Electrical computers and digital processing systems: processing – Processing architecture – Vector processor
Reexamination Certificate
1999-03-05
2001-07-24
An, Meng-Ai T. (Department: 2783)
Electrical computers and digital processing systems: processing
Processing architecture
Vector processor
C712S002000, C712S004000, C712S020000
Reexamination Certificate
active
06266758
ABSTRACT:
FIELD OF THE INVENTION
The present invention relates to the field of single instruction multiple data vector (SIMD) processing. More particularly, the present claimed invention relates to alignment and ordering vector elements for SIMD processing.
BACKGROUND ART
Today, most processors in microcomputer systems provide a 64-bit wide datapath architecture. The 64-bit datapath allows operations such as read, write, add, subtract, and multiply on the entire 64 bits of data at once. However, for many applications the types of data involved simply do not require the full 64 bits. In media signal processing (MDMX) applications, for example, the light and sound values are usually represented in 8, 12, 16, or 24 bit numbers. This is because people typically are not able to distinguish the levels of light and sound beyond the levels represented by these numbers of bits. Hence, data types in MDMX applications typically require less than the full 64 bits provided in the datapath in most computer systems.

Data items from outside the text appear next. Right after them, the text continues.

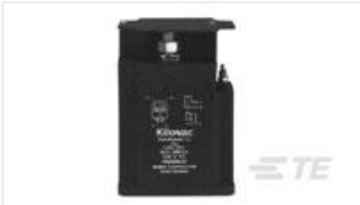
TE Part # 2-1618013-6 PD350XB57=RELAY, PRESSURIZED,
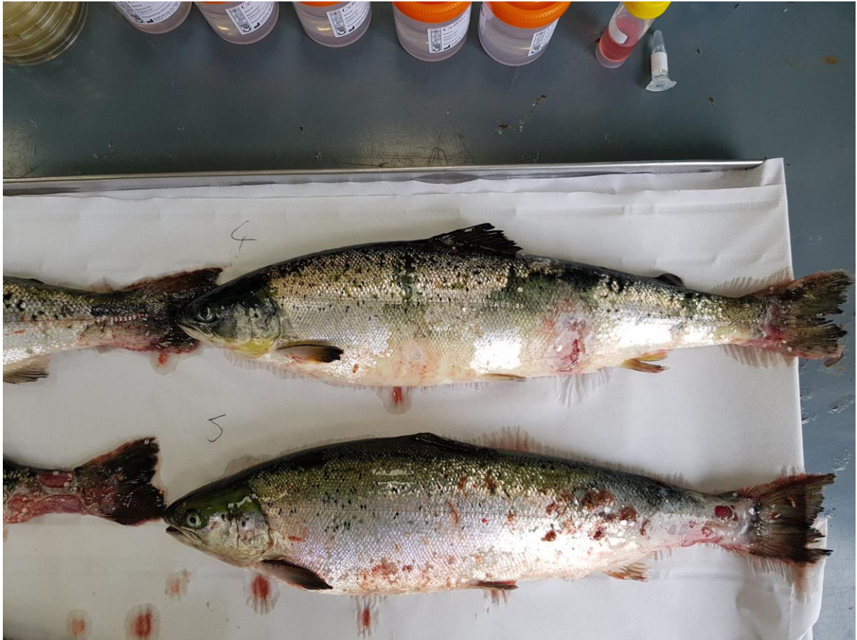
F4 – F5
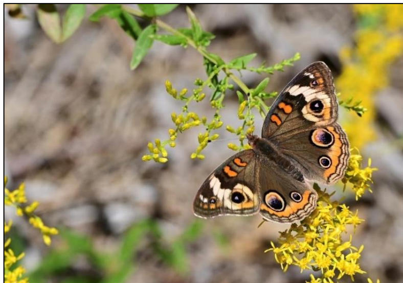
Above: Commission staff shared 221 photos on its Instagram account in August 2024, including this photo of a common buckeye butterfly sipping nectar from goldenrod flowers in the Pinelands.
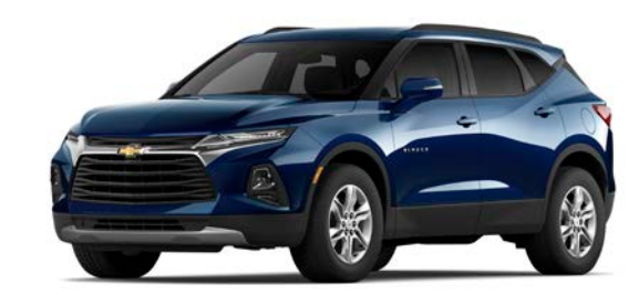
Blue Glow Metallic
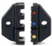
Spare die for CRIMPFOX-RCI 6

Replacement die - CRIMPFOX-RCI 6/DIE - 1212058
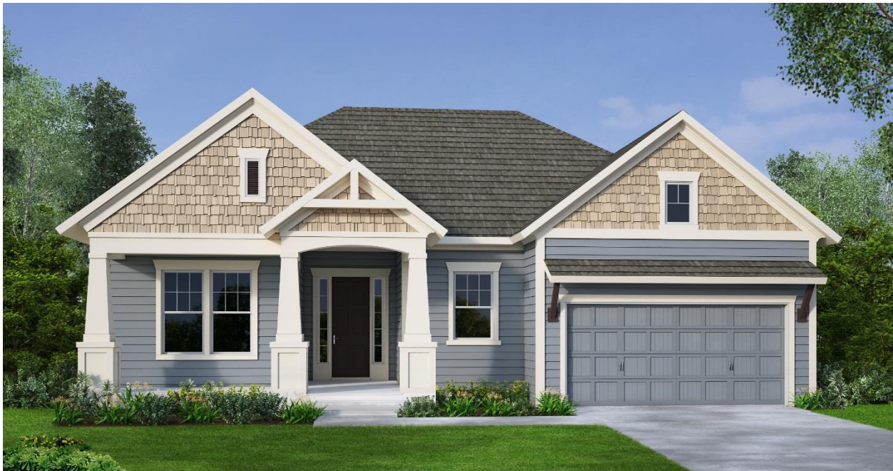
Seaver - Elevation A
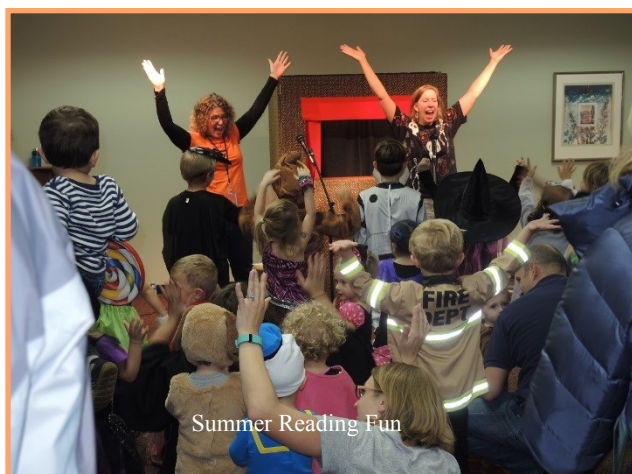
Summer Reading Fun

Shortcuts to all our social media accounts can be found on the bottom of our website.
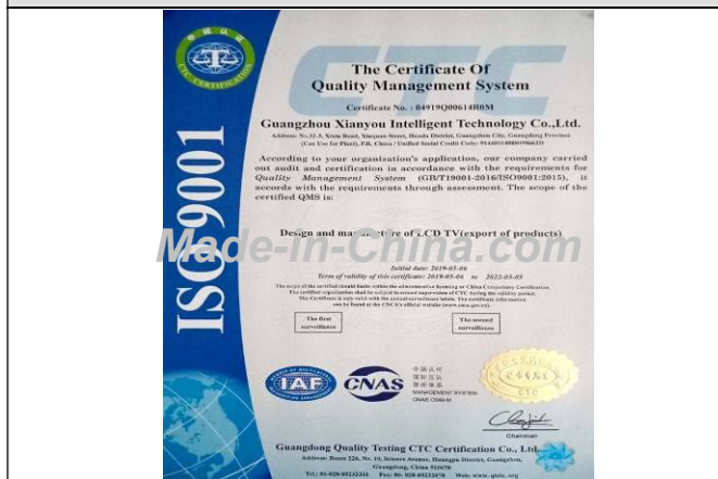
Description: ISO9001 Certificate
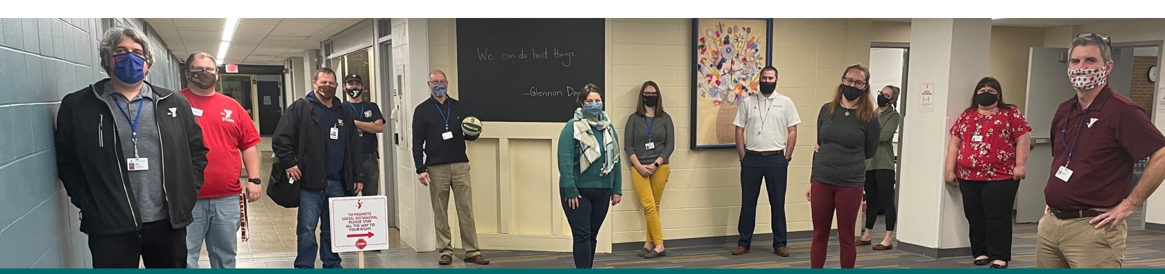
FOR A BETTER COMMUNITY. FOR A BETTER US.

YMCA of Greater Kalamazoo 1001 W. Maple St. Kalamazoo, MI 49008
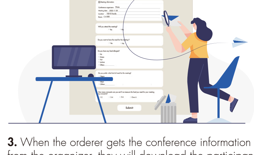
3. When the orderer gets the conference information from the organizer, they will download the participant card and send it to the audience to fill it in.
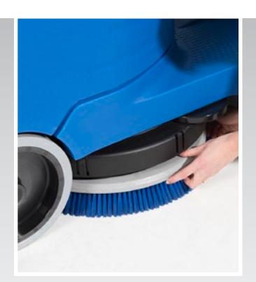
Brush Assembly Tools-free removable brushes or pads.
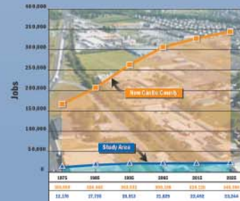
Employment New Castle County & Study Area

Study Area jobs increased nearly 80% from 1975 to 2005 but are projected to only grow another 6% through 2030.
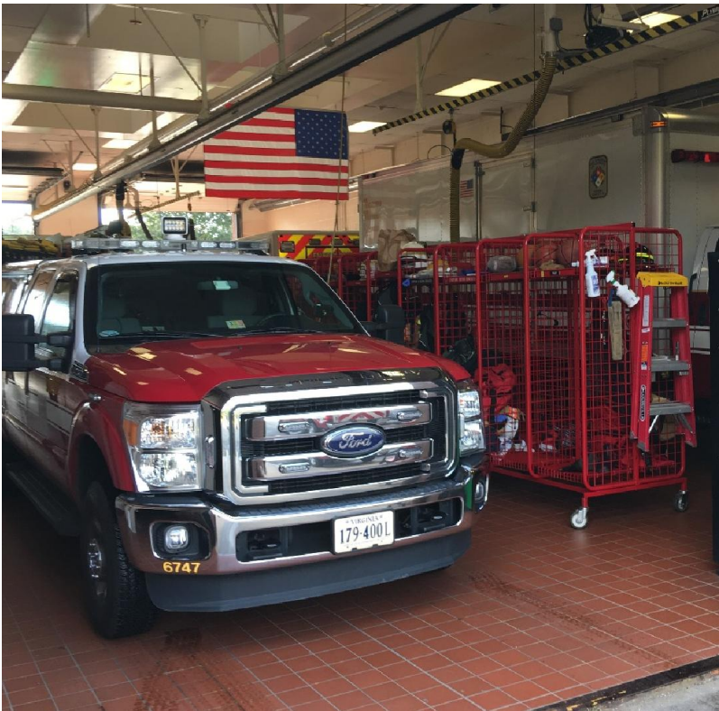
Protective gear lockers located in apparatus bays between vehicles.
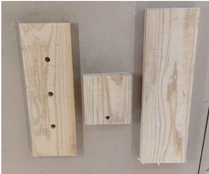
Cut out pieces
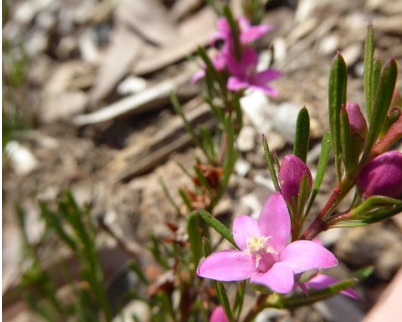
Crowea exalata "Ginninderra Falls"

Of Interest at Forest 20 National Arboretum Canberra May 2016
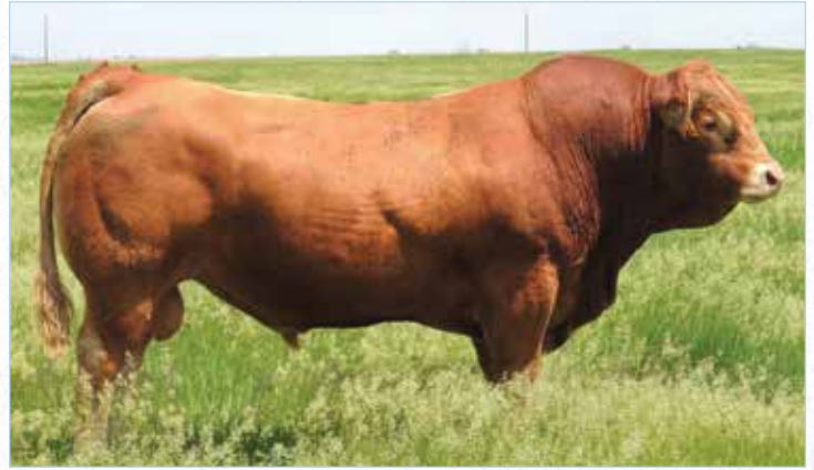
TOMV DIESEL 619D • Sire of Lot 33
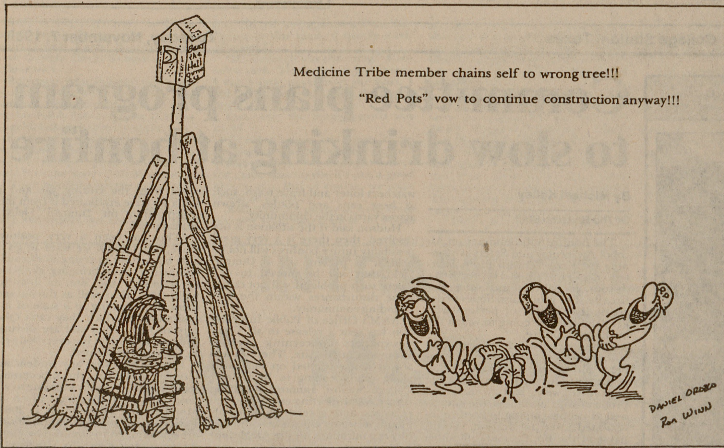
Medicine Tribe member chains self to wrong tree!!! "Red Pots" vow to continue construction anyway!!!
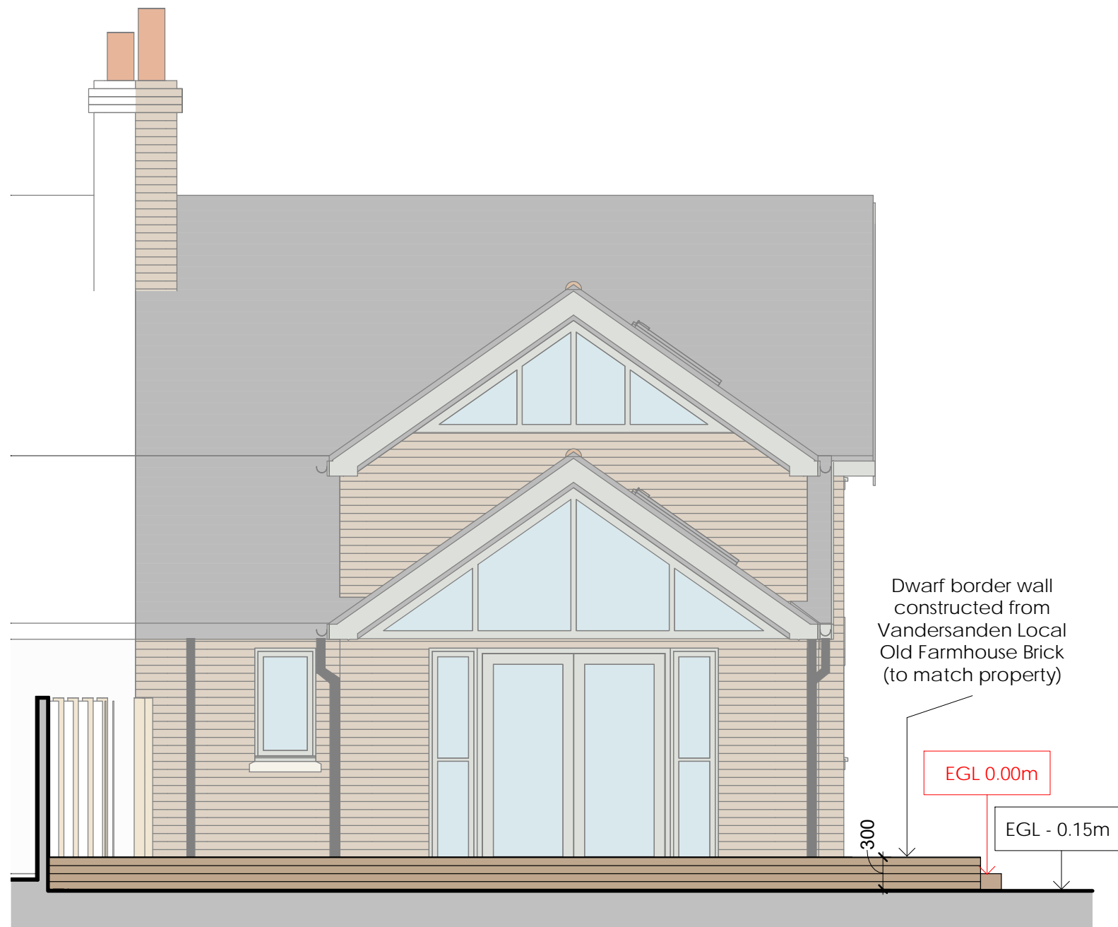
Patio West Elevation
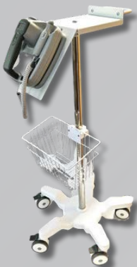
Roll Stand (STND-111)
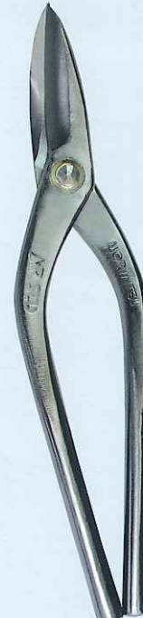
YANAGI-BA 240 for left handed
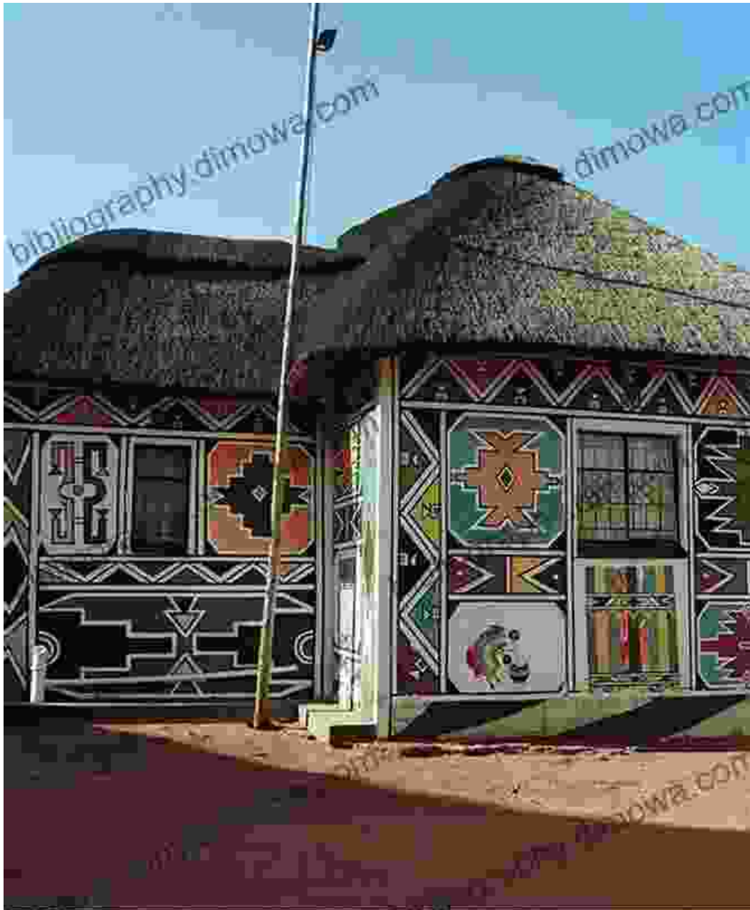
The Ndebele tribe, known for their vibrant and geometric house paintings
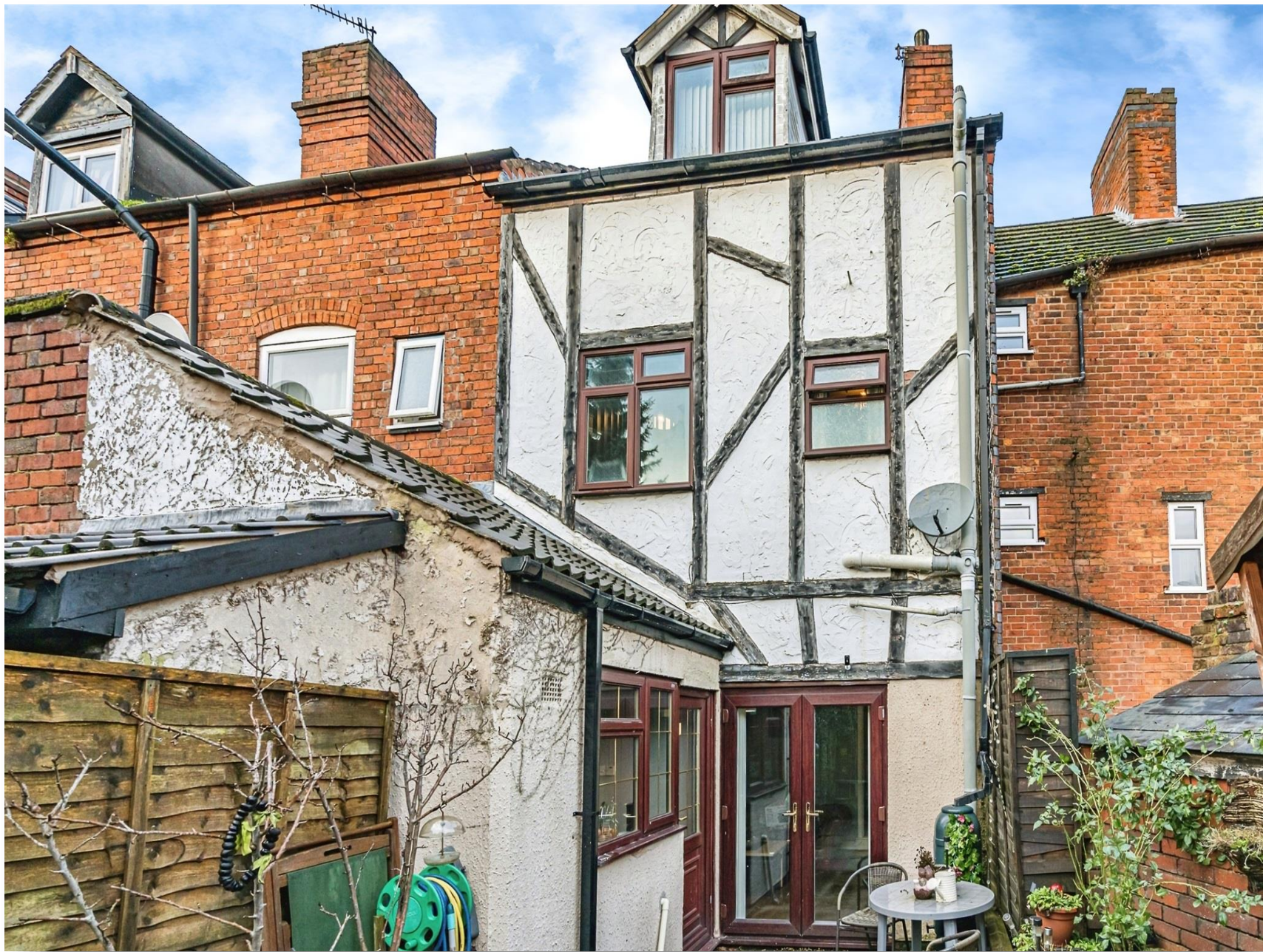
1a Southalls Lane, DUDLEY DY1 1UL
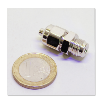
JBL tube screw connection 4/6 pressure reducer
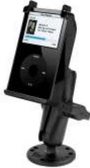
RAM-B-138-AP1 RAM MOUNT WITH 2 7/16" BASE FOR APPLE IPOD
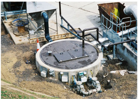
1) ODOUR CONTROL COVERS
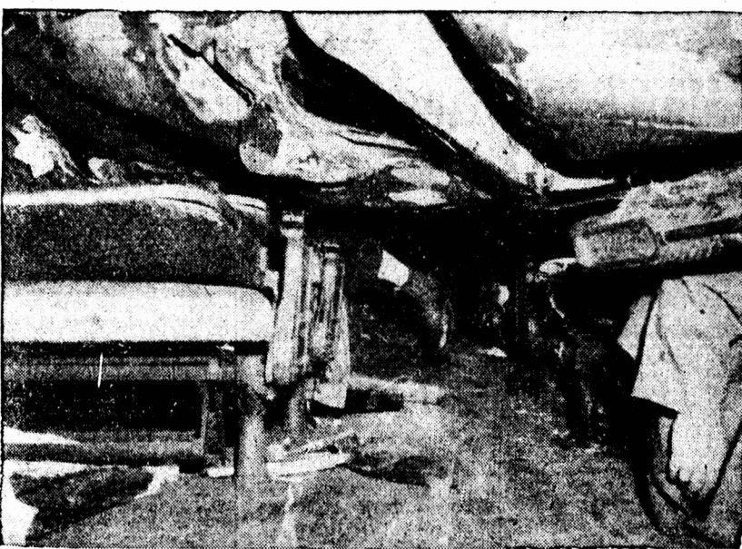
Picture shows the interior of the bottom car.
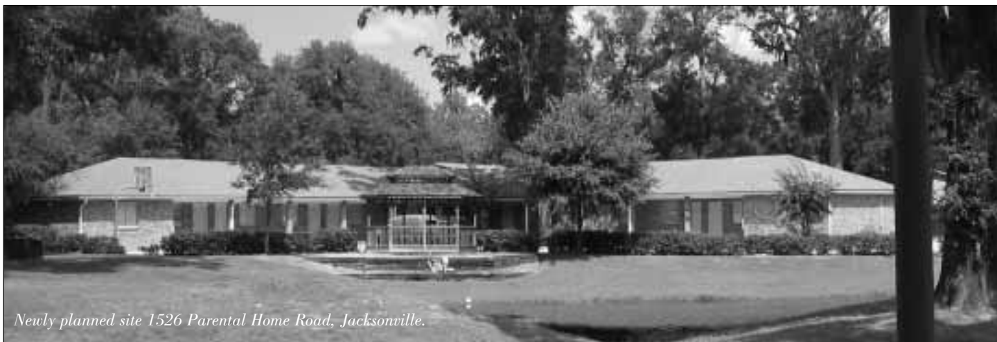
Newly planned site 1526 Parental Home Road, Jacksonville.
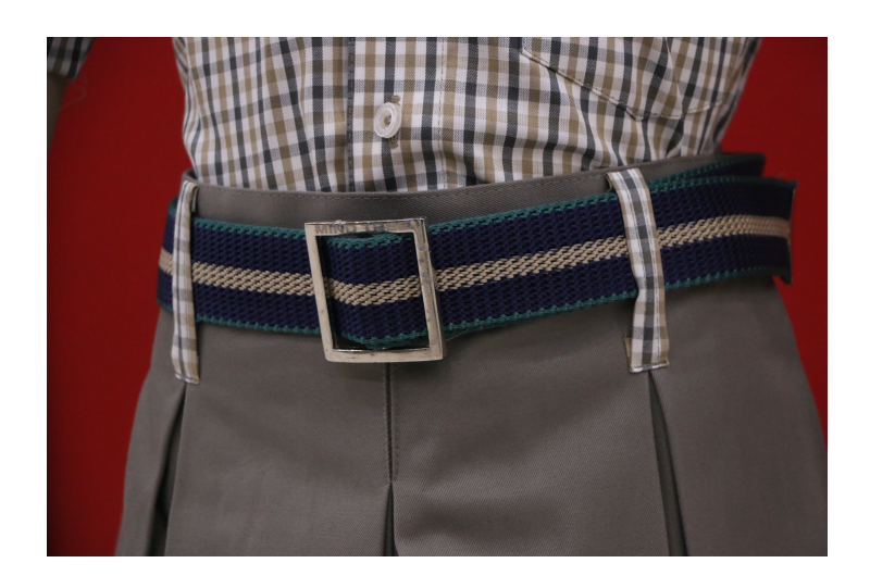
School Belt: Blue. School Belt Colour Code: 837
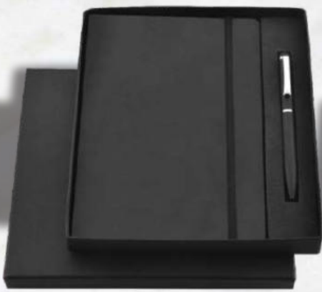
B - 02 Rs.390/-
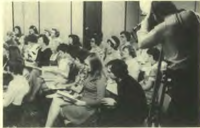
T.V. cameras brought highlights of the course to cross-Canada viewers on CBS "Up Canada Show" February 18, 10 p.m.

To efficiently utilize the entire datapath, the current generation of processors typically utilizes a single instruction multiple data (SIMD) method. According to this method, a multitude of smaller numbers are packed into the 64 bit doubleword as elements, each of which is then operated on independently and in parallel. Prior Art
FIG. 1
illustrates an exemplary single instruction multiple data (SIMD) method. Registers, vs and vt, in a processor are of 64-bit width. Each register is packed with four 16-bit data elements fetched from memory: register vs contains vs[0], vs[1], vs[2], and vs[3] and register vt contains vt[0], vt[1], vt[2], and vt[3]. The registers in essence contain a vector of N elements. To add elements of matching index, an add instruction adds, independently, each of the element pairs of matching index from vs and vt. A third register, vd, of 64-bit width may be used to store the result. For example, vs[0] is added to vt[0] and its result is stored into vd[0]. Similarly, vd[1], vd[2], and vd[3] store the sum of vs and vd elements of corresponding indexes. Hence, a single add operation on the 64-bit vector results in 4 simultaneous additions on each of the 16-bit elements. On the other hand, if 8-bit elements were packed into the registers, one add operation performs 8 independent additions in parallel. Consequently, when a SIMD arithmetic instruction such as addition, subtraction, or multiply, is performed on the data in the 64-bit datapath, the operation actually performs multiple numbers of operations independently and in parallel on each of the smaller elements comprising the 64 bit datapath. In SIMD vector operation, processors typically require alignment to the data type size of 64-bit doubleword on a load. This alignment ensures that the SIMD vector operations occur on aligned boundaries of a 64-bit doubleword boundary.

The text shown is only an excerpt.